The setting apparatus 14 is an example of the apparatus and generates a setting parameter for the controller 13 in controlling the cell culture system 1. The setting apparatus 14 may generate a setting parameter according to information related to the control of the cell culture system 1 and set the setting parameter to the controller 13.

FIG. 2 shows the control loop 15 of the cell culture system 1. The controller 13, the actuator 11, the culture tank 10, and the sensor 12 of the cell culture system 1 may form one or more closed control loops 15.

FIG. 3 shows a configuration example of the setting apparatus 14 according to the present embodiment. The setting apparatus 14 includes an acquisition unit 300, a control-variable-model setting unit 310, an adjustment unit 320, an approximation conversion unit 330, a derivation unit 340, a control-target-function setting unit 350, a setting-parameter generation unit 360, an output unit 370 and an updating unit 380.

The acquisition unit 300 may acquire information related to a setting parameter of the controller 13 from an operator 400 and the controller 13. The acquisition unit 300 acquires a control variable and a control target of a control object in the cell culture process controlled by the controller 13. The acquisition unit 300 may acquire one or more control targets and one or more control variables. The acquisition unit 300 may acquire, as the control variable, information to specify a process value (as an example, a type of the process value and a target value, etc.) such as the dissolved oxygen concentration in the culture liquid, the pH, the temperature, the substrate concentration, the cell density, the amount of culture liquid, the stirring rate, the pressure, the weight, the volume, or the flow rate.

Here, the control target acquired by the acquisition unit 300 may be a control performance that should be accomplished during the cell culture process (for example, a target-value-following characteristic, a disturbance-suppression characteristic, or the like), or alternatively may be a target value of the control performance or the like. The control target may be a target associated with a steady-state characteristic, and as an example, may be that the process value when the culture tank 10 is in a steady state is within a reference range of the target value. The control target may be a target associated with a transient characteristic, and as an example, may be that a settling time (also referred to as a response delay time) until the process value reaches the target value (or within the reference range of the target value) is less than a reference time. The control target may be a target associated with the followability to the target value, and as an example, may be that, when a target value of any of the process values is changed for performing the cell culture, a rate of the process value (also referred to as a follow-up rate) to reach the target value (or within the reference range of the target value) exceeds a reference rate.

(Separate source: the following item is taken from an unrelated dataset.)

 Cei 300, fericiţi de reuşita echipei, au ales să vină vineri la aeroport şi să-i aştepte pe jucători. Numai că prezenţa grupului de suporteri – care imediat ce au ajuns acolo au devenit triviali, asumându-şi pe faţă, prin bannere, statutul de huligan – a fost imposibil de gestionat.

The control-variable-model setting unit 310 is connected to the acquisition unit 300. The control-variable-model setting unit 310 sets a control variable model that represents behavior of a control variable in the cell culture process. The control-variable-model setting unit 310 may set a control variable model that corresponds to the control variable acquired by the acquisition unit 300.

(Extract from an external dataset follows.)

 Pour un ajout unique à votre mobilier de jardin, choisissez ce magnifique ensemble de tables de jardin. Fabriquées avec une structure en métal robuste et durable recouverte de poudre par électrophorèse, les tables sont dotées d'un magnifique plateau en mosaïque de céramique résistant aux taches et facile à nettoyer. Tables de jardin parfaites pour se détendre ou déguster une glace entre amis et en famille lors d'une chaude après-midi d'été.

The adjustment unit 320 is connected to the control-variable-model setting unit 310. The adjustment unit 320 sets, to the control variable model, an amount of feedforward adjustment that offsets at least one variable in the cell culture process.

The approximation conversion unit 330 is connected to the adjustment unit 320. The approximation conversion unit 330 converts the control variable model into an approximated control variable model in which the control variable model is linearly approximated in the vicinity of an operating point of the cell culture process.

The derivation unit 340 is connected to the approximation conversion unit 330. The derivation unit 340 derives a closed-loop transfer function in the vicinity of the operating point based on the control variable model and a control function that is used in control by the controller 13.

The control-target-function setting unit 350 is connected to the acquisition unit 300. The control-target-function setting unit 350 sets a control target function based on the control target. The control-target-function setting unit 350 may set a control target function that satisfies the control target acquired by the acquisition unit 300.

The setting-parameter generation unit 360 is connected to the derivation unit 340 and the control-target-function setting unit 350. The setting-parameter generation unit 360 generates a setting parameter for use in control of the controller 13 so that the closed-loop transfer function fits the control target function derived from the control target. The setting-parameter generation unit 360 may generate the setting parameter using a partial model matching method so that the closed-loop transfer function fits the control target function.

The output unit 370 is connected to the controller 13 and outputs the setting parameter generated to the controller 13.

The updating unit 380 is connected to the setting-parameter generation unit 360. The updating unit 380 updates the setting parameter based on an operating condition of the cell culture process. The updating unit 380 may update the setting parameter according to the operating condition of the cell culture process received from the controller 13.

FIG. 4 shows a flow of the setting parameter generation in the setting apparatus 14. The setting apparatus 14 performs processing of steps S11 to S18 to determine a setting parameter by which a desired control target is accomplished.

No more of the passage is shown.